So now what?

Published 3:42 pm Friday, August 23, 2013

The results of the 2012-2013 Standards of Learning tests, which were released by the Virginia Department of Education on Tuesday, are troubling at best. While there is a mountain of information and data that has yet to be thoroughly dissected and understood, there are some key statistics that paint a fairly accurate picture of the direction that two of our three public school systems are headed.

Last year, after the DOE revamped the SOL tests in math, scores across the state declined significantly. This year, similar changes were made to tests in English, reading and science. Scores across the state in those categories were expected to experience a similar decline, and they did. But it is not this year’s decline in those areas compared to last year’s scores that are so disturbing; it is how far behind the state average in all areas of testing that we are.

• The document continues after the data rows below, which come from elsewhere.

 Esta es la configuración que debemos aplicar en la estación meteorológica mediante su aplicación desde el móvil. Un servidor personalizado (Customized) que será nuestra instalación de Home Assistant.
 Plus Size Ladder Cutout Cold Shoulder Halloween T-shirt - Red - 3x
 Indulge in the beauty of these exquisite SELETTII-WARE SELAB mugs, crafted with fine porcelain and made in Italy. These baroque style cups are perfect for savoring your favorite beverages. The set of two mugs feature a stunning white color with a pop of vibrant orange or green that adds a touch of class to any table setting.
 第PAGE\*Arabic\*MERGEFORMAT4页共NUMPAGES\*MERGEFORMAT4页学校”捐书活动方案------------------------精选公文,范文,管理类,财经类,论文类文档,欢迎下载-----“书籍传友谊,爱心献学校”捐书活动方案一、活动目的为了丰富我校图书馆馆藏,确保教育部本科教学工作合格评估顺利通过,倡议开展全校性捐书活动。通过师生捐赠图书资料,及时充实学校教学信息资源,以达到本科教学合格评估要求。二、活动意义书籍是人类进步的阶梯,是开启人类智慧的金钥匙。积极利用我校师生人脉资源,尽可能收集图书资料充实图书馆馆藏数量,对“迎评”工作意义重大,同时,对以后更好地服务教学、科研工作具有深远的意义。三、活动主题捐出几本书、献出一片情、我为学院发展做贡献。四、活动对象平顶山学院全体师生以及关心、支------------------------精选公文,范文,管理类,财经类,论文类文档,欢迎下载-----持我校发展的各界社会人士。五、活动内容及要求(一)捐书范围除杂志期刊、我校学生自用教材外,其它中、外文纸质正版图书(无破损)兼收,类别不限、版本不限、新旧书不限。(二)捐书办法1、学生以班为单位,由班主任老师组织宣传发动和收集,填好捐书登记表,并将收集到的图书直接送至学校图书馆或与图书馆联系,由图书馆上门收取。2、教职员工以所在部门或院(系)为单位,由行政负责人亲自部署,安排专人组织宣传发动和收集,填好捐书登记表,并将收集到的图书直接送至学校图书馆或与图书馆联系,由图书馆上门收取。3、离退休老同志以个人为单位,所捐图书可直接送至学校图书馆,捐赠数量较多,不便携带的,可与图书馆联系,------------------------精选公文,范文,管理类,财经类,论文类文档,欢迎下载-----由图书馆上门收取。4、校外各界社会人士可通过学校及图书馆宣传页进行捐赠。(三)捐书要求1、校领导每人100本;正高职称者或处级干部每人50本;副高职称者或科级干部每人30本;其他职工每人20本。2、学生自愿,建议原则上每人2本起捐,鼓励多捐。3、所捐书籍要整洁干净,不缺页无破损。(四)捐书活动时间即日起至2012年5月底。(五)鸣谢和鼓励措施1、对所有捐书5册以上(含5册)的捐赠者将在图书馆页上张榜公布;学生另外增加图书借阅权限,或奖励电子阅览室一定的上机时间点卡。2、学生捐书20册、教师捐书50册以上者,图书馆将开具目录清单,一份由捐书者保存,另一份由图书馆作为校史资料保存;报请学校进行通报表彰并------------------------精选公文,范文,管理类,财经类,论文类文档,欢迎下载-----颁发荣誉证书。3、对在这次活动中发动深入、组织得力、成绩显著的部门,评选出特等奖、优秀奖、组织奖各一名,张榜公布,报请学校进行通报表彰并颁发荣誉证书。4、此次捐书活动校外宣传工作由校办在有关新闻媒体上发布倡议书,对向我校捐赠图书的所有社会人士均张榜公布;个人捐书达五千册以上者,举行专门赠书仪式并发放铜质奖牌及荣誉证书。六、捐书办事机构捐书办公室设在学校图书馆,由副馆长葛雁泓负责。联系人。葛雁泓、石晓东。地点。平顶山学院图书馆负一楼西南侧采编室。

A brief overview reveals that of the 33 tests for which score were released, Isle of Wight County lags behind the state average in only eight categories, while Southampton County is below average in 20 and Franklin City Schools trail in 31.

Isle of Wight, which exceeds the state average in 76 percent of the test categories, gets a pass in this discussion. Southampton County, which is below state average on 60 percent of the tests and Franklin, which falls below the state average on a staggering 94 percent of the tests, do not.

Isle of Wight, of the eight categories in which it lags the state average, only underperforms the state by 10 percent in a total of two categories. Southampton County has a double-digit deficit in five categories, the largest three being 23, 25 and 30 percent out of nine total math tests. Franklin has double-digit deficits in a whopping 21 of the 33 total categories, and trails by at least 20 percent in 10 of them.

It is pointless to debate whether or not these results are acceptable, because any reasonable person should realize they are not. What must be discussed now is where to go from here.